* _Work instruction_:
Please copy the data exactly as it stands, minus the images.

○ ○ ○ ○ ○ ○ ○

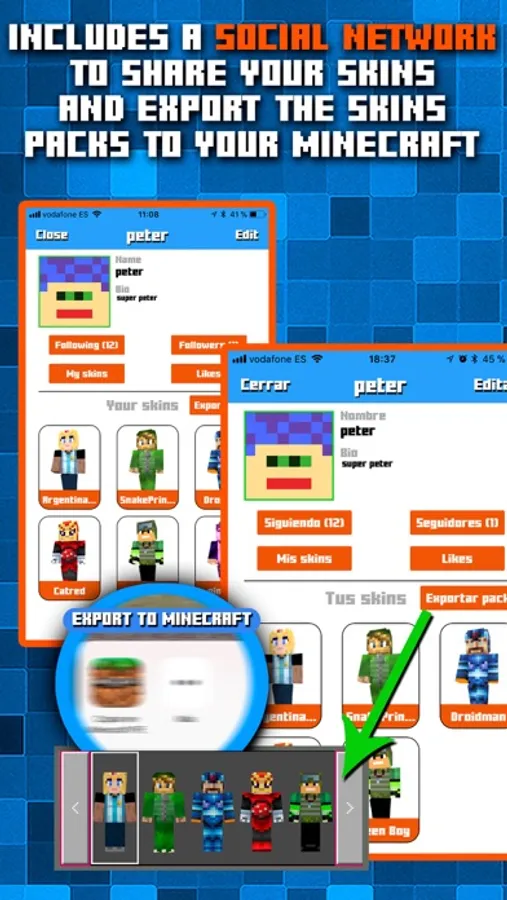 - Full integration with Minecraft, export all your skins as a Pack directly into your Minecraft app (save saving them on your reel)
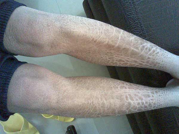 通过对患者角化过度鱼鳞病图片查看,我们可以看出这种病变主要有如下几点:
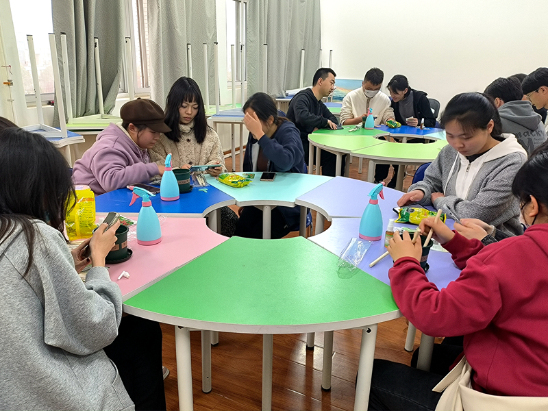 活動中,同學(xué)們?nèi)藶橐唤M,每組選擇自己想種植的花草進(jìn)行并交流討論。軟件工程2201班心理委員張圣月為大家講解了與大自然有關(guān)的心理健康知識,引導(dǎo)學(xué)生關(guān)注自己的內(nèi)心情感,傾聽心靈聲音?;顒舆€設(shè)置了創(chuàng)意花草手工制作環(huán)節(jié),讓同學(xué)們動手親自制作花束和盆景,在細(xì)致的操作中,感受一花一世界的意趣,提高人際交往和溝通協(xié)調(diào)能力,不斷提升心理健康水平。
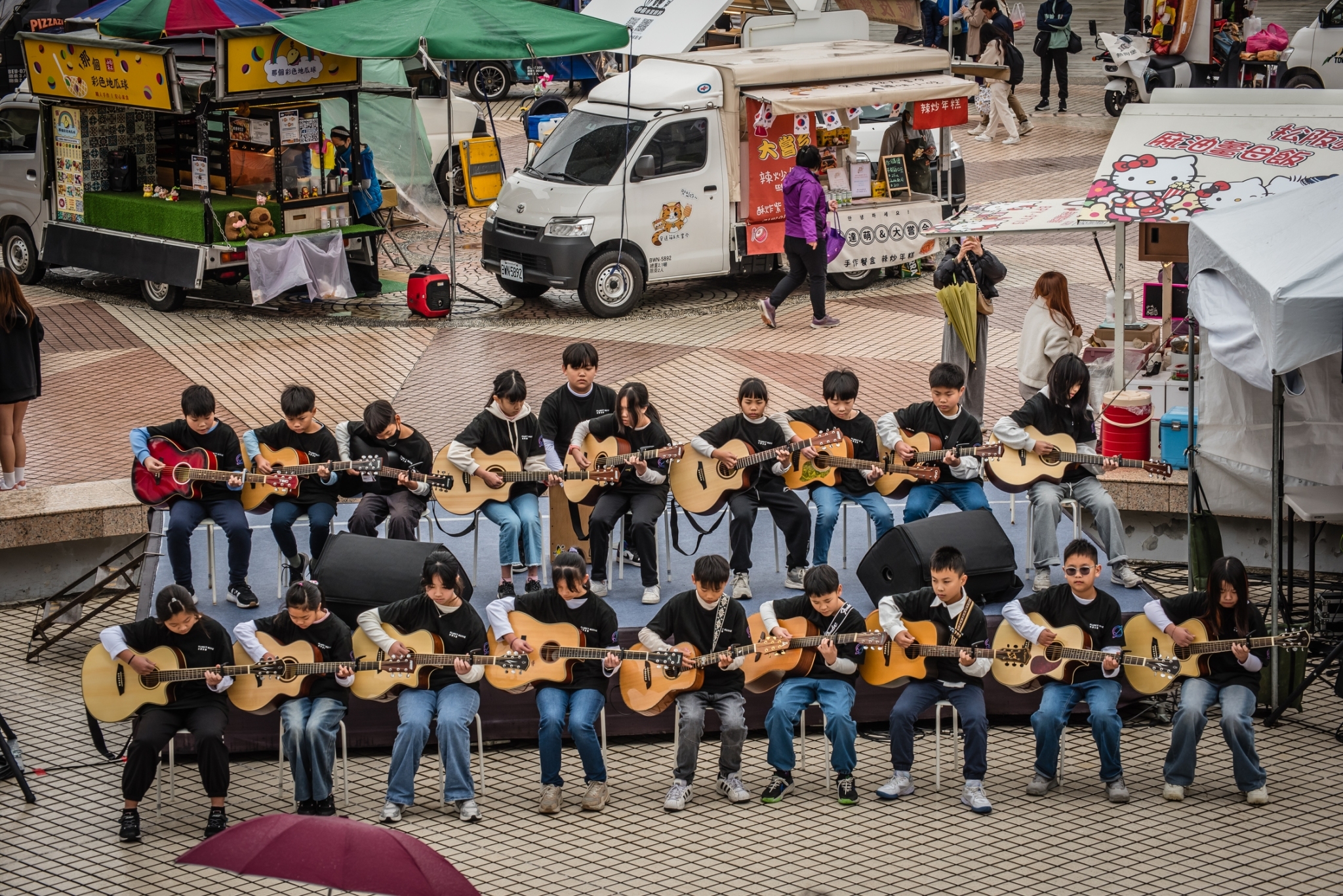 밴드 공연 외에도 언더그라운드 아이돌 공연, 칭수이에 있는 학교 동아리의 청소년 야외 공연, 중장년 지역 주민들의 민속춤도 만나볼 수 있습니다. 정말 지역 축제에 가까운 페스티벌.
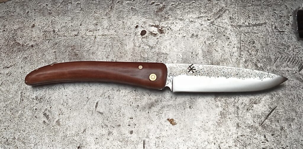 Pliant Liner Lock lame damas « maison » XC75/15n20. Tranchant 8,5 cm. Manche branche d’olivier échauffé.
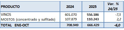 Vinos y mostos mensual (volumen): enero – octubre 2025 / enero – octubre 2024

○ ○ ○ ○ ○ ○ ○

* _Solution below_:
 - Full integration with Minecraft, export all your skins as a Pack directly into your Minecraft app (save saving them on your reel)
 通过对患者角化过度鱼鳞病图片查看,我们可以看出这种病变主要有如下几点:
 活動中,同學(xué)們?nèi)藶橐唤M,每組選擇自己想種植的花草進(jìn)行并交流討論。軟件工程2201班心理委員張圣月為大家講解了與大自然有關(guān)的心理健康知識,引導(dǎo)學(xué)生關(guān)注自己的內(nèi)心情感,傾聽心靈聲音?;顒舆€設(shè)置了創(chuàng)意花草手工制作環(huán)節(jié),讓同學(xué)們動手親自制作花束和盆景,在細(xì)致的操作中,感受一花一世界的意趣,提高人際交往和溝通協(xié)調(diào)能力,不斷提升心理健康水平。
 밴드 공연 외에도 언더그라운드 아이돌 공연, 칭수이에 있는 학교 동아리의 청소년 야외 공연, 중장년 지역 주민들의 민속춤도 만나볼 수 있습니다. 정말 지역 축제에 가까운 페스티벌.
 Pliant Liner Lock lame damas « maison » XC75/15n20. Tranchant 8,5 cm. Manche branche d’olivier échauffé.
 Vinos y mostos mensual (volumen): enero – octubre 2025 / enero – octubre 2024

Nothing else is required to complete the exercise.